Best Muscle Cars
What is the difference between a Pony Car and a Muscle Car?
By Dave Ashton
There’s always been arguments between what exactly is a pony car and a muscle car. As there is no scientific starting point of a definite definition for both, it’s down to really digging through the history books and getting as close to an explanation as possible.
If you jump onto the likes of Wikipedia and look up muscle car or pony car, you get a variety of explanations. I have actually tried to edit the muscle car Wikipedia page as it currently says the origins of the term muscle car came from ‘supercar,’ but whoever edits this page, kicked me out. If any of you out there have an explanation of the linkage between the term muscle car and supercar please comment below. As far as I have researched, the supercar moniker was only used in passing comments rather than an actual labelling. We extensively moan about it here where you can also find our own research into the terms.
Anyways, back to the terminology. The pony car tag can be arguably traced back to the release of the 1965 Ford Mustang, with the ‘pony’ part probably coming from the horsey Mustang naming, although the name did actually come from the plane with the same name. The Camaro joined in this market and the term probably pointed towards a vehicle that was probably a lighter, compact and more sporty version of a muscle car. These vehicles got bigger and heavier as it got to the mid-70s and today, there really isn’t such a thing as a pony car, per se. So, the term is really for historical purposes.
You can check out this info graphic on our website about Pony cars to see their evolution.
However, some say that the modern Mustang, Camaro, Challenger and Charger are really modern pony cars, which adheres to the pony car principle of offering a vehicle that can have many engine options and still look like the top vehicle. If you take the original Plymouth Barracuda, some say you can lump that in as a pony car while others say it is a pure muscle car……hmmm.

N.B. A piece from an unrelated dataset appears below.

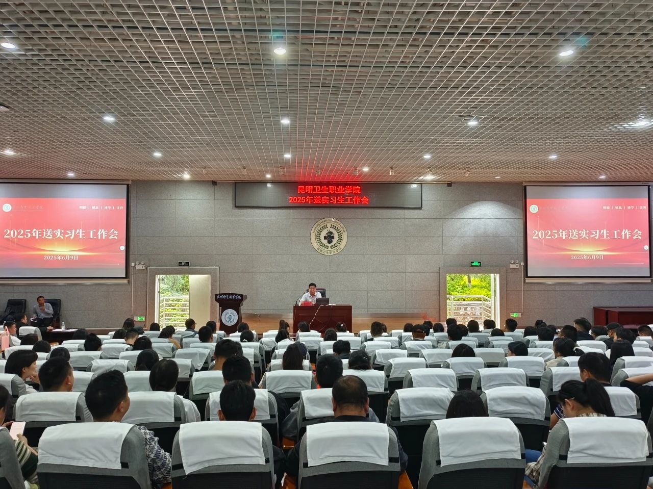 为高质量推进实践教学体系建设,切实保障5970名实习学生顺利完成临床实践关键环节,2025年6月9日,学院召开2025-2026学年送实习生工作专题会议。学院副院长张尤松出席会议并部署工作,300余名带队教师参会。会议由教务处副处长颜慧林主持。

We have written articles in the past which tried to slap a definition on the term muscle car, but essentially the term refers to an American vehicle, larger than a pony car, with a huge V8 engine with plenty of torque like the Dodge Charger. The idea was to have a powerful engine in a reasonably priced vehicle which could burn up the track in a straight line. It defined the mantra ‘no replacement for displacement.’
The vehicles were simple by today’s comparisons and were made for straight-line speed. There is also no definitive start point for the term, but whoever first came up with it, came up with one fantastic label for this breed of vehicle.

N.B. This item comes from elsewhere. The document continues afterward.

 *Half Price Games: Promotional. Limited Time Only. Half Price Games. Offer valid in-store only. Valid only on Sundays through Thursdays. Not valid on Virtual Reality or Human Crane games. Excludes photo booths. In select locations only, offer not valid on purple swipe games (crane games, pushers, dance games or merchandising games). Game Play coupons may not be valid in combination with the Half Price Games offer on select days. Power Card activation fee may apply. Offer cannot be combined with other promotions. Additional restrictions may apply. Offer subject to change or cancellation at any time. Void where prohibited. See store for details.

Today, it’s arguably the muscle car label that is bandied around the most, with possibly the Dodge Challenger being the nearest to a true muscle car today. A huge, powerful V8 engine all 707HP of it on a muscular body, still with a focus on straight-line speed. The upcoming Dodge Demon will also slot into being a modern-day muscle car.
If you look at the modern Ford Mustang, it can be both pony car and muscle car depending on who you ask. With an updated suspension and more track performance, the modern Ford Mustang is aiming to be more sports car like, but it still has its heritage in the pony car world.
The Camaro originally coming from the pony car camp has all the modern touches of a sports vehicle and is probably the least likely to be called a muscle car, but the name can still apply. if you look at the modern Mustang GT 350 and the Camaro ZL1, they are both arguably more sports vehicle, but still have a V8 at their heart, but won’t necessarily be called a pony or muscle car.
Therefore, if you’re considering modern vehicles from the big three, Chevrolet, Dodge and Ford as muscle or pony cars the definitions are a lot less clear than they were from the golden era. If you consider even some European sports machines are referred to as ‘Muscle’ by some then it’s no wonder that the terminology can get so mixed up.